■ **EXERCISE BRIEF**:
The expected output is an exact copy of the lines from the one containing "- Abrasive blast" to the final line below, minus any pictures.

■ **Records from a collection**:
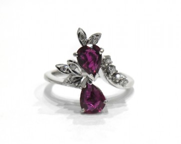 two pear shaped rubies, 0.60ct with nine single cut diamonds, 0.07ct mounted in a white gold ring
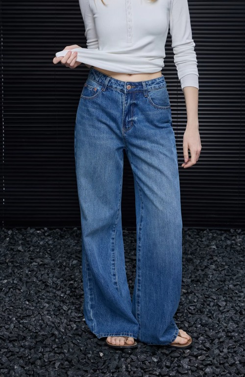 ボタンデザインワイドレッグデニムパンツ ・20967
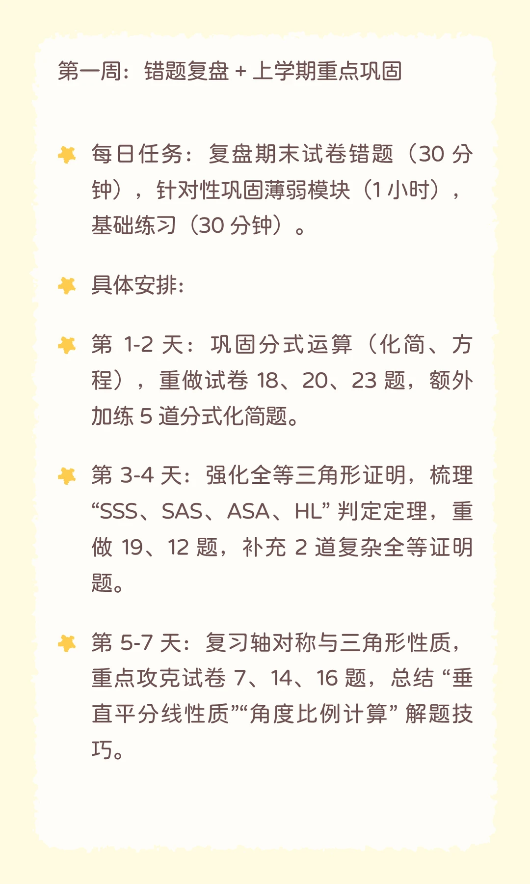 ❶ 第 1 周:错题复盘 + 分式 / 全等巩固
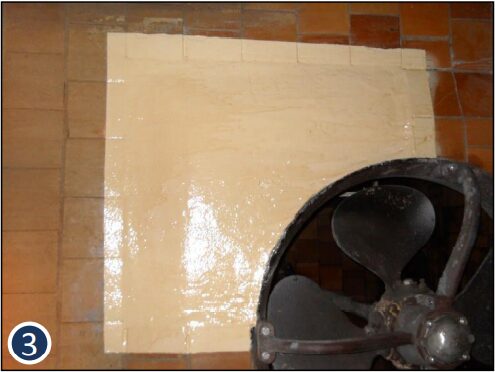 - Abrasive blast the concrete and onto the surrounding tile to allow the repair to tie into the adhered tile.
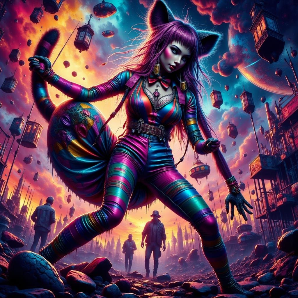 A vibrant ring-tailed lemur jester hangs upside down in a ruined carnival. The image, created in a pulp comic style, features neon rainbow colors and glitch art accents.

■ **EXPECTED ANSWER**:
 - Abrasive blast the concrete and onto the surrounding tile to allow the repair to tie into the adhered tile.
 A vibrant ring-tailed lemur jester hangs upside down in a ruined carnival. The image, created in a pulp comic style, features neon rainbow colors and glitch art accents.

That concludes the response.